De la misma manera que Madonna rindió tributo a Cayo Ambergris con su tema La isla bonita, Fernando Colomo parece haber hecho lo propio con la isla de Menorca a través de Isla bonita, última película del ya veterano director que, en esta ocasión, también adopta el papel protagonista. O mejor dicho, uno de los muchos papeles protagonistas, ya que estamos ante una cinta de las llamadas corales, donde a cada personaje parece otorgársele igual importancia en el relato, evolucionando paralelamente al desarrollo de los acontecimientos. Además, la peculiaridad que distingue a Isla bonita es que cada actor se interpreta a sí mismo, confiriendo a la pieza final un aspecto bastante entrañable.
Lo que Colomo nos quiere contar en Isla bonita es una mezcla entre lo maravilloso del mundo que nos rodea y, a la vez, lo pésimo que puede ser sobrellevar la existencia, especialmente a causa de las relaciones frustradas. Es el caso de Fernando, un publicista que hoy subsiste a base de rodar documentales de bajo presupuesto, pero que antaño ganaba su buen dinero realizando anuncios televisivos. Con tres bodas y tres divorcios a sus espaldas, desde el principio se fija la idea de intimar con Nuria, una escultora que tampoco ha logrado mantener una relación estable más que la que le otorgó a su hija, Olivia, una joven que ha experimentado lo desastroso que puede ser un romance a distancia. Miguel Ángel, ex jefe de Fernando, tampoco está pasando sus mejores días con su pareja Silvia, ya que siente que ella podría labrarse un buen porvenir en vez de estar junto a él en la isla.
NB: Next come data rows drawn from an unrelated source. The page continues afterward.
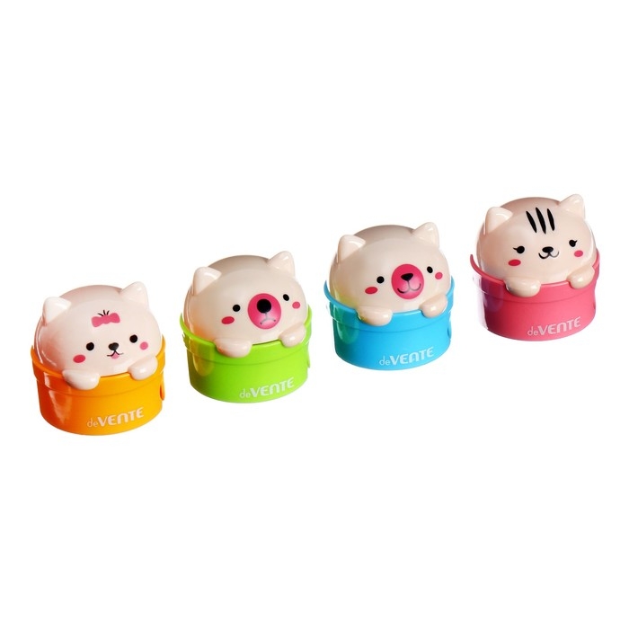 Точилка для карандашей "deVENTE. Kitties" 2 отверстия разных диаметров , с контейнером, пластмассовая в форме котенка, в пластиковой тубе, ассорти.
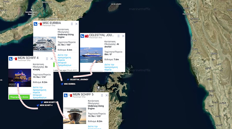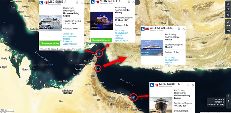 Σύμφωνα με τα στοιχεία του MarineTraffic, το «MSC Euribia» βρίσκεται πλέον κοντά στο Κασάμπ του Ομάν, όπως και το «Mein Schiff 4». Το «Mein Schiff 5» εντοπίζεται στα ύδατα του Μουσκάτ στο Ομάν, ενώ το «Celestyal Journey» είναι στον Κόλπο του Ομάν, στο ύψος της Νάχουα.
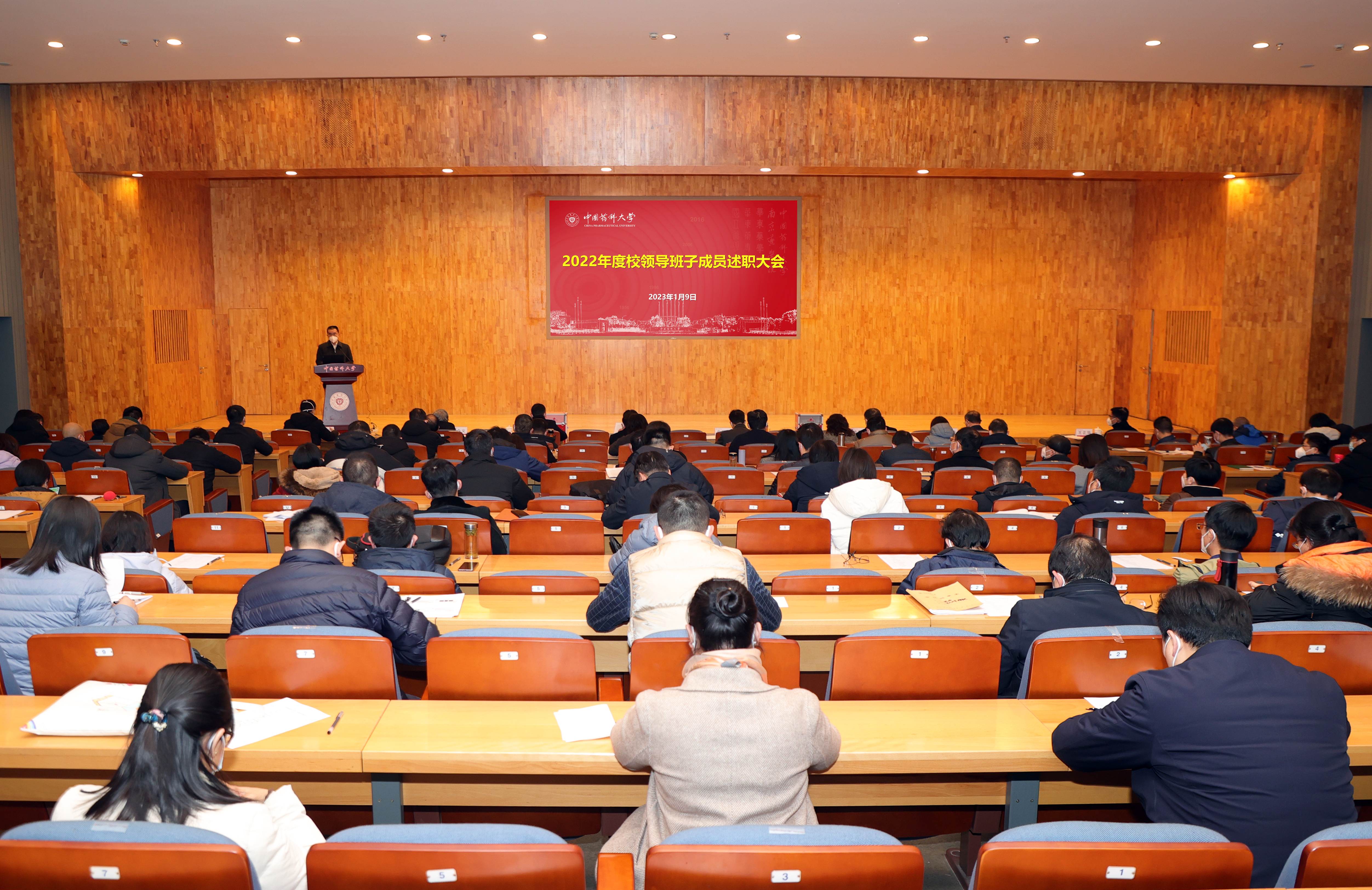 校党委书记金能明主持会议,并安排部署了2022年度民主生活会、走访慰问老同志、寒假疫情防控等岁末年初重点工作。校长郝海平代表校领导班子进行述职,对学校2022年度工作进行了全面总结。各位校领导分别作个人述职述廉报告。
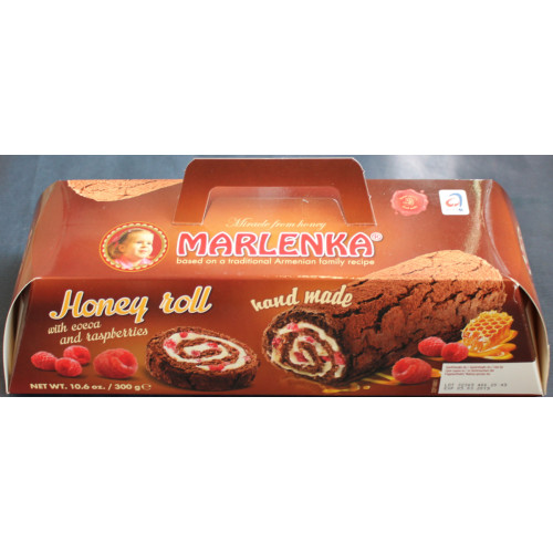 Honungsrulltårta MARLENKA med kakao och hallon 300g. Bakat efter ett gammalt armeniskt familjerecept - utan konserveringsmedel och konstgjorda färgämnen.
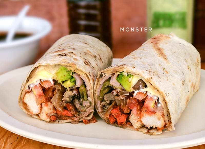 El mas chiquito de la casa, percherón en tortilla y carne sonorense, aguacate, tomate, queso y mayonesa.
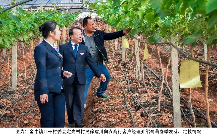 “没想到这么方便,我在微信群里点开这个‘一键申贷’提交了贷款申请就接到农商银行客户经理的电话,第二天贷款合同一签,又在手机银行上一点,20万元贷款就到账了。”望着春意盎然的葡萄园,金牛镇江干村委会定光村村民徐建川激动地说:“生产垫本不用愁了,今年34亩葡萄又将有好收成。”
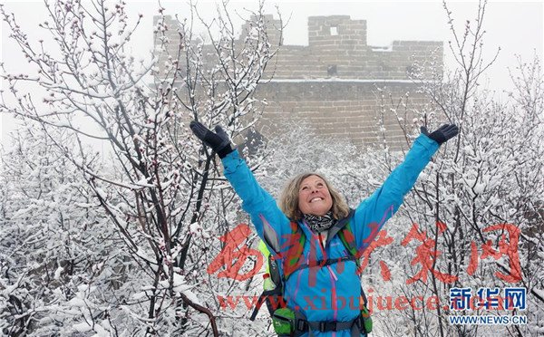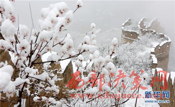 當(dāng)日,北京市懷柔區(qū)黃花城水長(zhǎng)城迎來(lái)降雪,杏花、白雪與長(zhǎng)城構(gòu)成了一幅幅美麗畫(huà)卷。
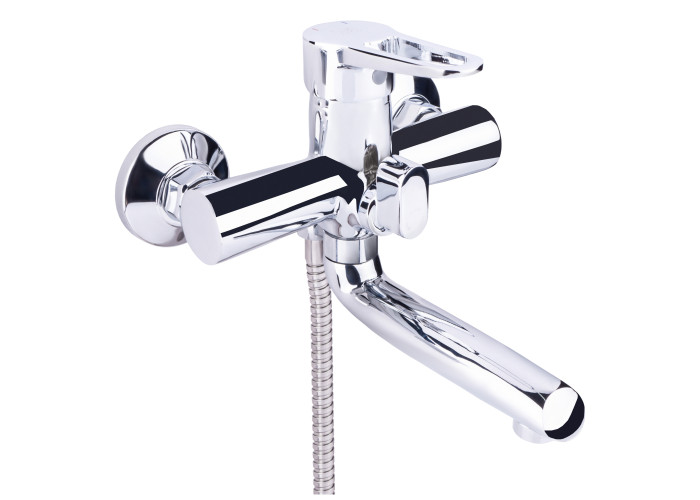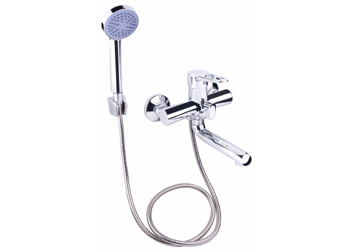 Змішувач для ванни Lidz (CRM) 14 47 006-1 New з довгим поворотним виливом виготовлено з латуні, укомплектовано кронштейном для ручного душа, душових шлангом і лійкою. Завдяки хромованому покриттю має міцну поверхню і привабливий зовнішній вигляд. Декоративні розетки приховають похибки установки на оздобленні кімнати. Напір води і її температура регулюються поворотом важеля в необхідне положення. Перемикання ванна/душ здійснюється за допомогою дивертора.

Leído así, tal entramado de relaciones podría indicar que estamos ante una película farragosa en su contenido, pero lo cierto es que es prácticamente la antítesis. Isla bonita se define desde un principio como una obra muy íntima, salida casi del corazón de su cineasta pero con diálogos lo suficientemente trabajados como para que semejante afirmación no implique algo nocivo. Con unos suaves trazos, Colomo esboza el carácter de cada personaje hasta que desde el otro lado de la pantalla nos resulta imposible no entender sus motivaciones y, por tanto, hacer que la película gane mucho interés. A ello contribuye especialmente un humor tan casual como certero, exento de chistes prefabricados, humor que hace reír al saber que entre nuestra familia o amistades también hay individuos semejantes a los que estamos contemplando.
Para ser una película rodada en tan bello paisaje, lo cierto es que Colomo no se regodea en exceso tomando panorámicas de la isla. Utiliza las bondades del entorno de una manera puramente narrativa, procurando no distraer al público de lo que de verdad importa. Esta circunstancia no exime, por supuesto, al hecho de que Isla bonita pueda ser una fabulosa postal turística de Menorca desde el punto de vista visual.
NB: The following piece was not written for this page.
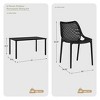 This 7-Piece Patio Dining Set offers a functional seating solution for outdoor spaces such as patios, decks, and gardens. The rectangular dining table is constructed from iron with a rust-resistant e-coating to support long-term outdoor use. Six stackable dining chairs provide flexible seating and convenient storage when not in use. Made from UV-resistant polypropylene resin, the lightweight chairs are easy to move and reposition as needed. The mesh seat design promotes airflow and helps prevent water buildup. Chairs arrive fully assembled, and the table requires simple leg attachment for quick setup.
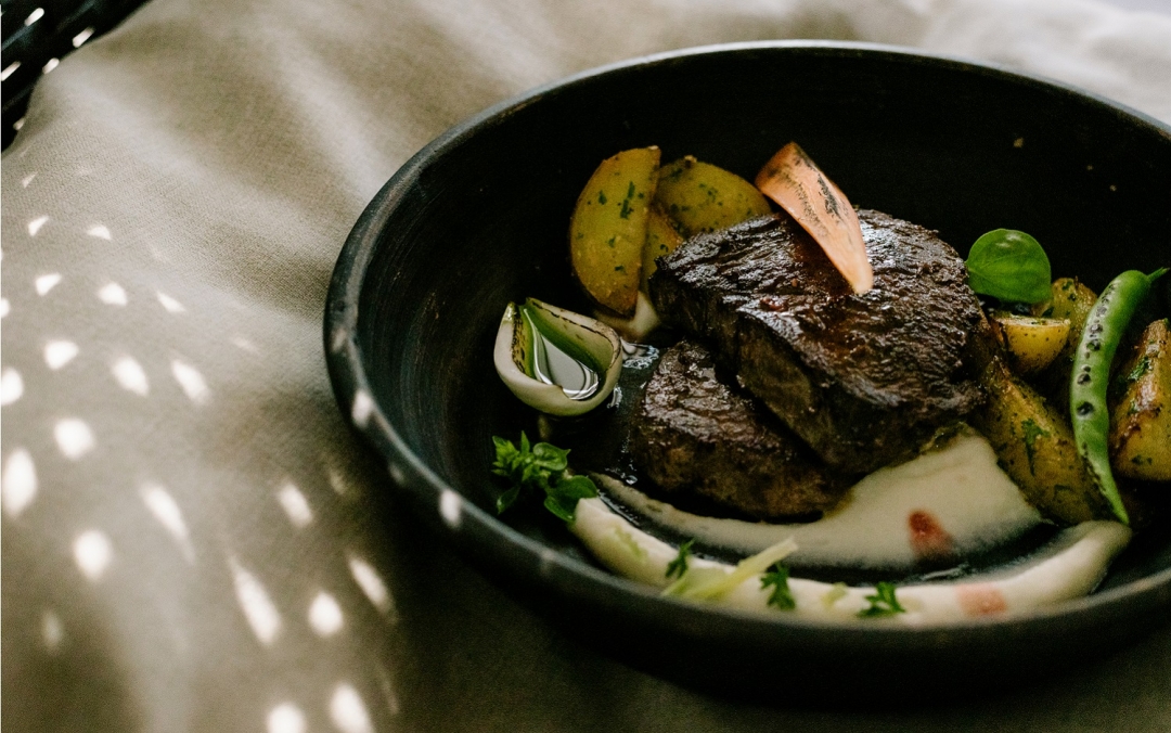 Итак, первоначально собирался делать историю про круассаны. Нашел отличный вариант французской заморозки на сливочном масле, это было сумасшедше вкусно! Купил оборудование, мы начали работать, но поняли, что это не вариант. У нас нет привычки, как у французов, начинать утро с кофе и круассана и делать так каждый день. Люди приходили, пробовали, но в следующий раз мы их видели через неделю. Решение принял быстро — буду делать полноценную кухню. И если аренда террасы была первой случайностью, то второй оказался Максим Бережной. Это мой хороший друг, повар, молекулярщик, суперпрофессионал, у которого всегда катастрофически мало времени. И вдруг он не занят, соглашается прилететь и помочь. Я ему позвонил, спросил совета, а оказалось, что у него две свободные недели. Возражаю ему: «Макс, ты дорогой для меня». Он отвечает, что если я оплачу перелет и проживание, мы сделаем меню. Отдельная история — как это началось. Он прилетел, мы сразу пошли на Центральный рынок, где он перепугал всех продавцов. Огромный, лысый, татуированный, он просил в мясном отделе отрезать сырое мясо и тут же его пробовал. После мы начали проработки, купив все кухонное оборудование. Экспериментировали у меня дома, потому что на кухне террасы еще шел ремонт. В итоге меню удалось! Второй год подряд к нам идут именно за этими блюдами.

Sin embargo, en sus últimas escenas Isla bonita deja un regusto ciertamente amargo. Las diferentes tramas que tan bien se habían ido constituyendo a lo largo de la cinta se cierran de una manera casi abrupta, no sólo por su impacto en el estilo narrativo (mucho más veloz que la tónica general de la película) o por cómo se llega a ellas (demasiadas casualidades), sino también porque el tono general de este desenlace no casa con el espíritu de la obra y las oportunas reflexiones que de ella habíamos podido extraer.
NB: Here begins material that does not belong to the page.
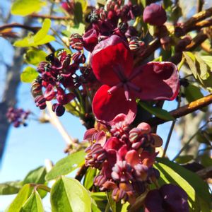 三葉アケビ💠 アケビ科アケビ属 アケビには三葉アケビと五葉アケビがあります 三葉アケビは暗紫色の小さな花がつきます 五葉アケビは薄ピンクの花の中に紫のコントラストがかわいい♪ 両方とも雄花はお花が大きいようですよ 又機会があったら見比べてください🙋
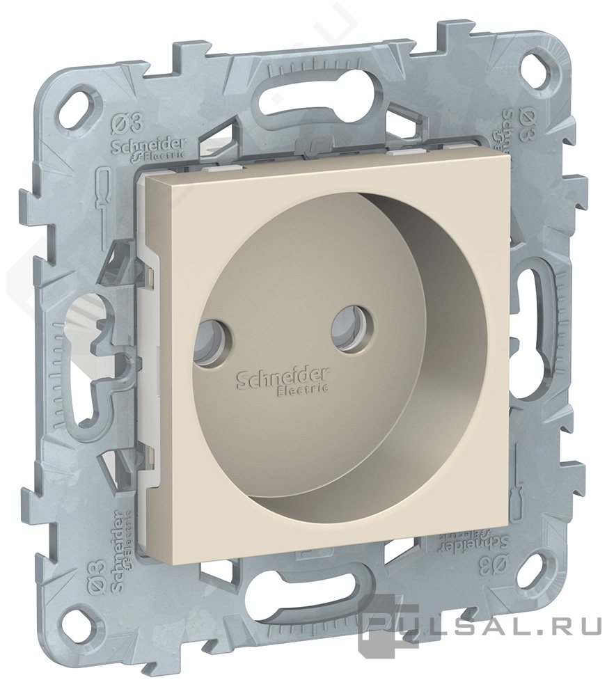 Unica New Pure, Unica New Studio, без шторок, с заземлением, одинарная, безвинтовые клеммы, цвет - бежевый

Así, Isla bonita es capaz de dejar una hora y media de película muy agradable, convirtiendo los minutos que pasamos frente a la pantalla en una de las principales virtudes del cine como es vivir, por unos instantes, la vida de otras personas. Máxime cuando estas vidas que contemplamos están repletas de detalles que podemos apreciar en nuestra vida cotidiana y que lógicamente realzan el realismo de lo que nos están contando. Una pena asistir a tan decepcionante final, porque la cinta de Colomo iba camino de ser una de esas geniales sorpresas que la filmografía patria depara cada año.